● DATA IN THIS EXERCISE

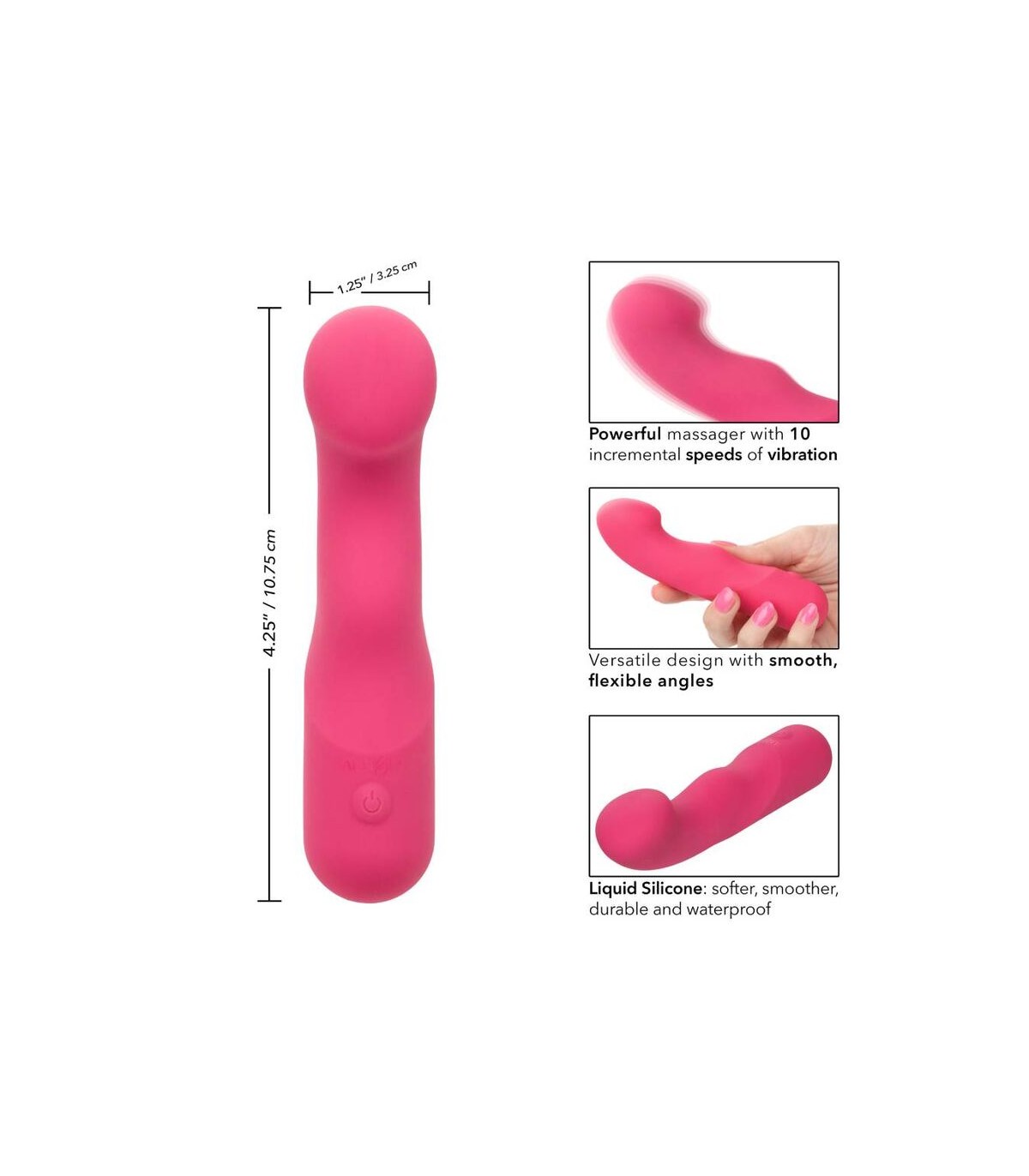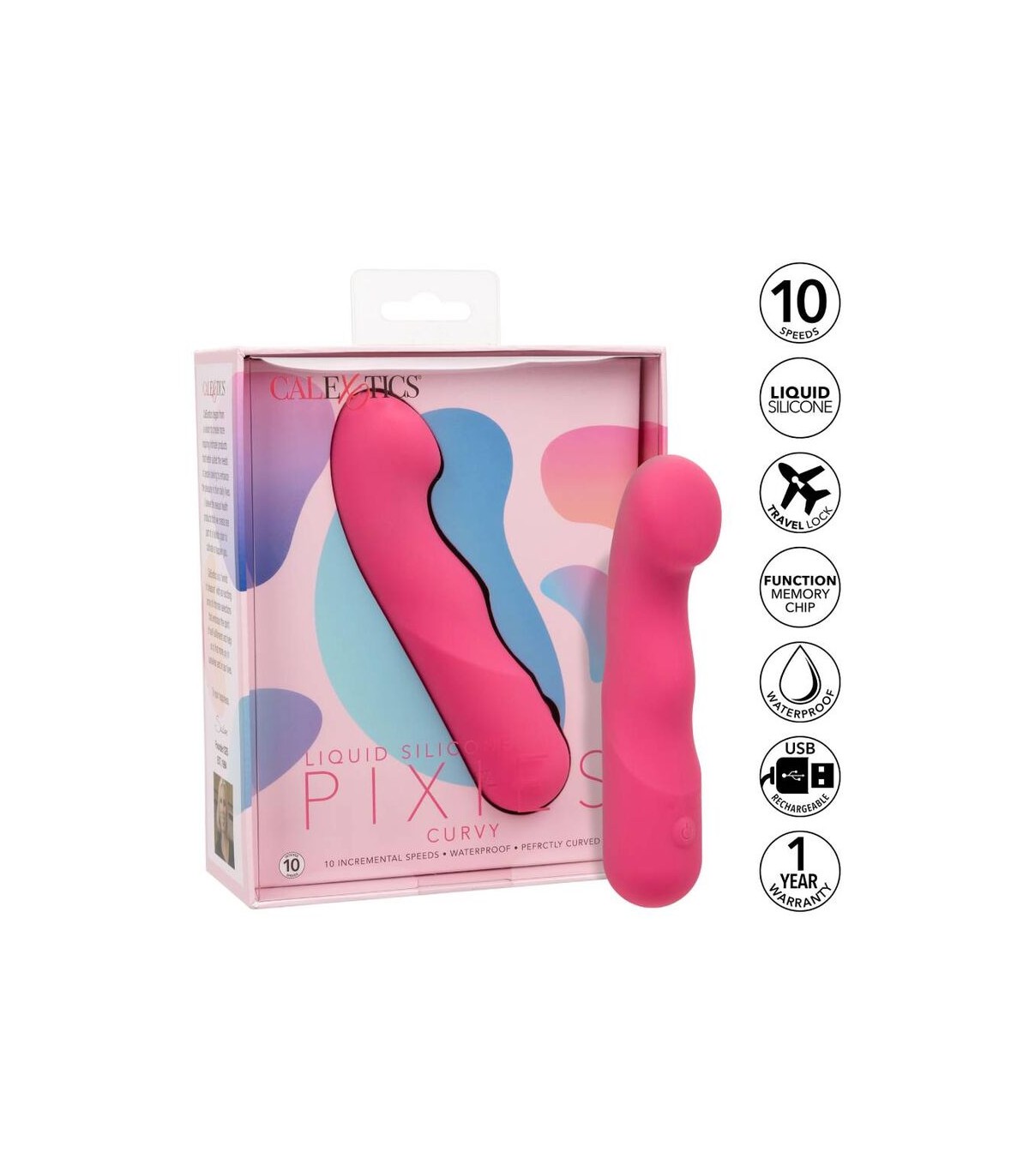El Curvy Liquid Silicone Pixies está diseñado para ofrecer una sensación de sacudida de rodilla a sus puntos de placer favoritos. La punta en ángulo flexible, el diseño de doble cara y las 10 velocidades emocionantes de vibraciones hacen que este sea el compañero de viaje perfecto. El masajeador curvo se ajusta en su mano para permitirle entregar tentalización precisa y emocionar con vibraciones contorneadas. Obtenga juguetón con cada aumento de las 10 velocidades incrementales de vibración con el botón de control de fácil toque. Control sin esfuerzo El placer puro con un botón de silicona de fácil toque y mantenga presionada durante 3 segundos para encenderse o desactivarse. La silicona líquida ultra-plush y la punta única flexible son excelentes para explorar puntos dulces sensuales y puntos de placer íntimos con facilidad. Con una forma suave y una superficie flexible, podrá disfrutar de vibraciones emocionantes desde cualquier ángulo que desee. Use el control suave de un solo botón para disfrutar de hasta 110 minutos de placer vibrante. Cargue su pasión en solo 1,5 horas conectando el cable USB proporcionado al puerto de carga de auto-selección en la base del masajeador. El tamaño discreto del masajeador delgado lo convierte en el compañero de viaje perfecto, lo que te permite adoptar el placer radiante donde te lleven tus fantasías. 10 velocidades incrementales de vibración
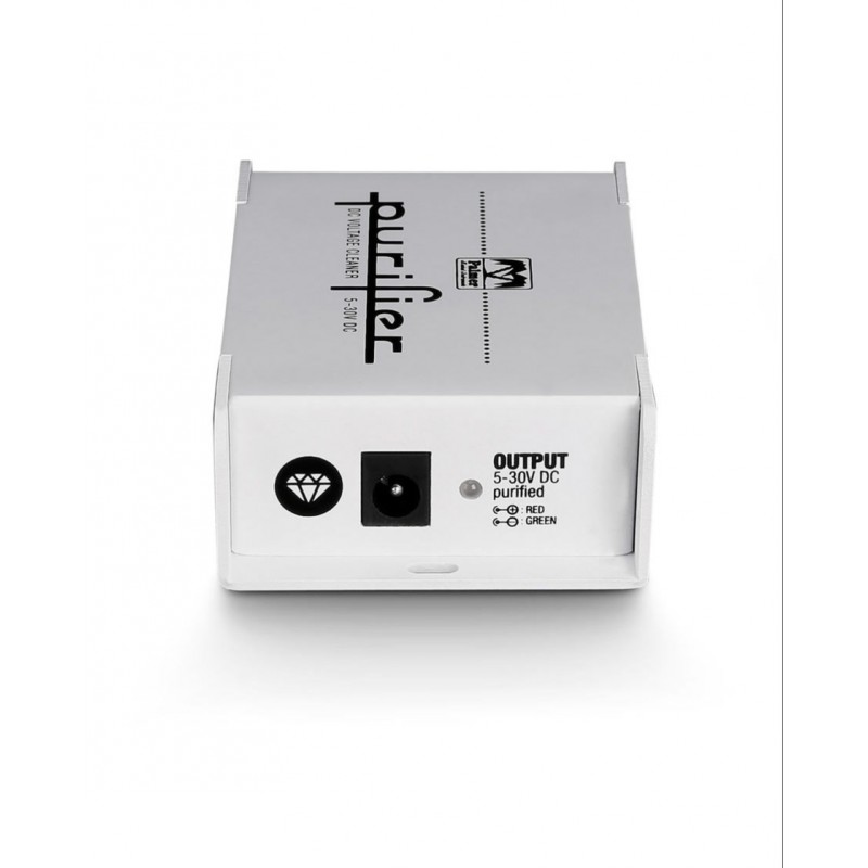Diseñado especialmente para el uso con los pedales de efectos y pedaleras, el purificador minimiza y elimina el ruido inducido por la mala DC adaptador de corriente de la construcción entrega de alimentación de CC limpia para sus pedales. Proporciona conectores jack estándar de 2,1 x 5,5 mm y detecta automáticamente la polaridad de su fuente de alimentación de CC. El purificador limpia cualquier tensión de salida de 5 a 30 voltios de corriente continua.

--

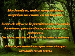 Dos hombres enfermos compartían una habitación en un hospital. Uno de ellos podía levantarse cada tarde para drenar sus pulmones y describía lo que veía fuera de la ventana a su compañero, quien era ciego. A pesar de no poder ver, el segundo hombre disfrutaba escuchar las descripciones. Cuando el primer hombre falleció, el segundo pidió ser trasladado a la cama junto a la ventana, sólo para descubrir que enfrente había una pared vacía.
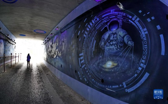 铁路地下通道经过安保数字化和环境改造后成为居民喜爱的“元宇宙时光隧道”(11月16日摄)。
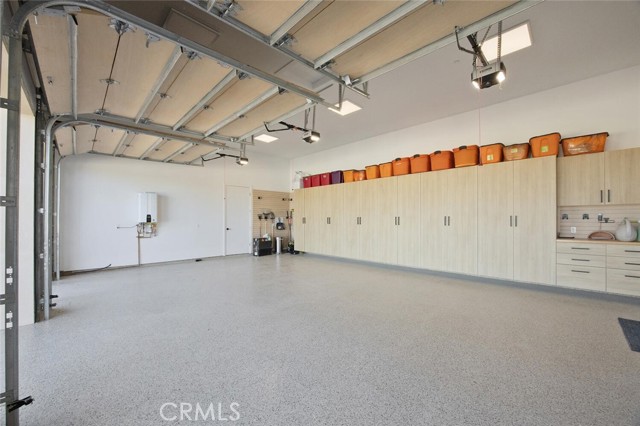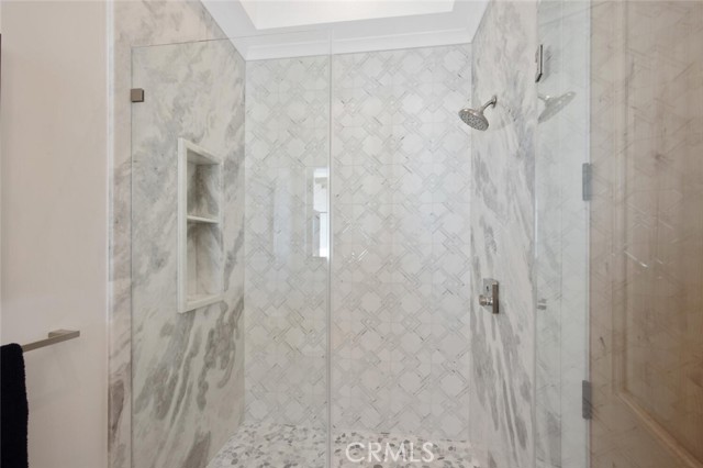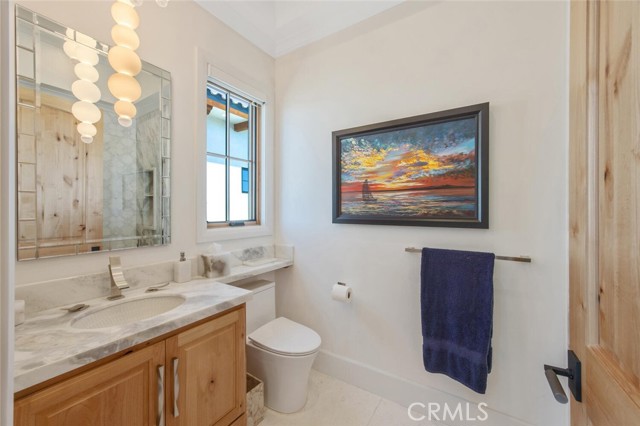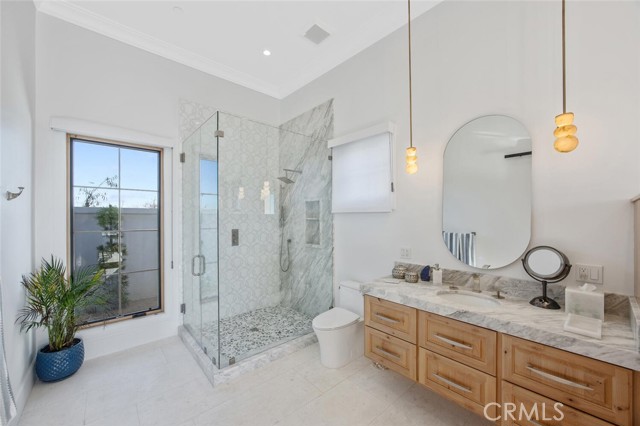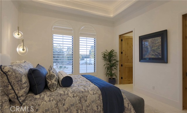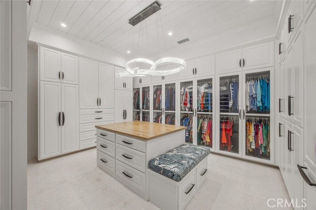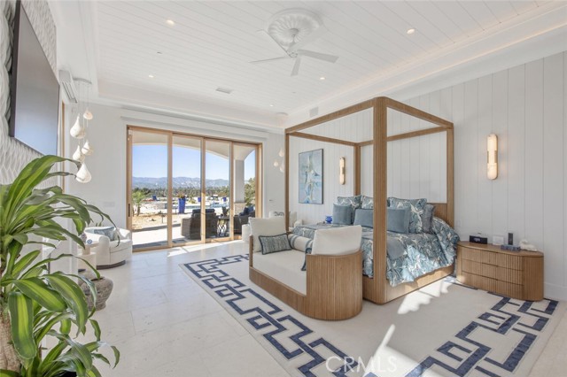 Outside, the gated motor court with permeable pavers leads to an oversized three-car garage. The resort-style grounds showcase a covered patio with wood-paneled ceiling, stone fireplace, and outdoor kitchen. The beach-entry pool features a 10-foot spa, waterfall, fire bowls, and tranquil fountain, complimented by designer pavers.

● PROBLEM
Given the entries above, transcribe exactly the lines from the one holding "Dos hombres enfermos" through the one holding "Outside, the gated"; pictures do not belong in the transcription.

● SOLUTION FOR THIS TASK
 Dos hombres enfermos compartían una habitación en un hospital. Uno de ellos podía levantarse cada tarde para drenar sus pulmones y describía lo que veía fuera de la ventana a su compañero, quien era ciego. A pesar de no poder ver, el segundo hombre disfrutaba escuchar las descripciones. Cuando el primer hombre falleció, el segundo pidió ser trasladado a la cama junto a la ventana, sólo para descubrir que enfrente había una pared vacía.
 铁路地下通道经过安保数字化和环境改造后成为居民喜爱的“元宇宙时光隧道”(11月16日摄)。
 Outside, the gated motor court with permeable pavers leads to an oversized three-car garage. The resort-style grounds showcase a covered patio with wood-paneled ceiling, stone fireplace, and outdoor kitchen. The beach-entry pool features a 10-foot spa, waterfall, fire bowls, and tranquil fountain, complimented by designer pavers.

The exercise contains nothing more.